### Problem description:
Give back the listing in full and exactly, leaving out the images.

### Dataset section:
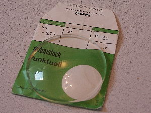 Well, quality and price of German optical instruments are legendary. I was very happy to find out that a diameter 66mm lens in -2.25 would only set me back around 16 Euros. This is for the uncoated version. There are versions with simple and double anti-reflective coating. The version with double anti-reflective coating costs 38 Euros - without any screw mount, of course. |
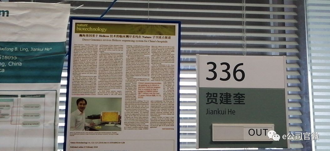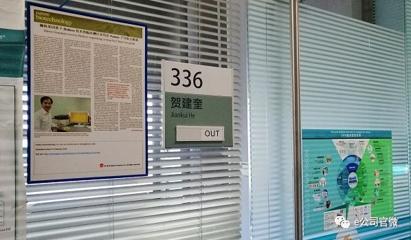 下午4点半左右,e公司记者来到南方科技大学第一科研楼,找到了贺建奎副教授的办公室。该办公室已经上锁,门口还贴着瀚海基因(贺建奎系瀚海基因的法定代表人)一项技术的“临床测序系统在Nature子刊重点报道”的宣传海报。该办公室旁边就是南方科技大学生物系实验室。实验室工作人员表示,贺建奎最近不在办公室,他也很少在这里做实验,“他在外面应该有自己的实验室。”
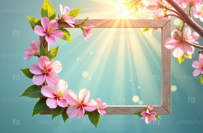 Прямоугольная деревянная декоративная рама с текстом внутри в солнечных лучах, украшена весенними пастельными цветами на весенне-синем фоне

### Solution to the exercise:
 Well, quality and price of German optical instruments are legendary. I was very happy to find out that a diameter 66mm lens in -2.25 would only set me back around 16 Euros. This is for the uncoated version. There are versions with simple and double anti-reflective coating. The version with double anti-reflective coating costs 38 Euros - without any screw mount, of course. |
 下午4点半左右,e公司记者来到南方科技大学第一科研楼,找到了贺建奎副教授的办公室。该办公室已经上锁,门口还贴着瀚海基因(贺建奎系瀚海基因的法定代表人)一项技术的“临床测序系统在Nature子刊重点报道”的宣传海报。该办公室旁边就是南方科技大学生物系实验室。实验室工作人员表示,贺建奎最近不在办公室,他也很少在这里做实验,“他在外面应该有自己的实验室。”
 Прямоугольная деревянная декоративная рама с текстом внутри в солнечных лучах, украшена весенними пастельными цветами на весенне-синем фоне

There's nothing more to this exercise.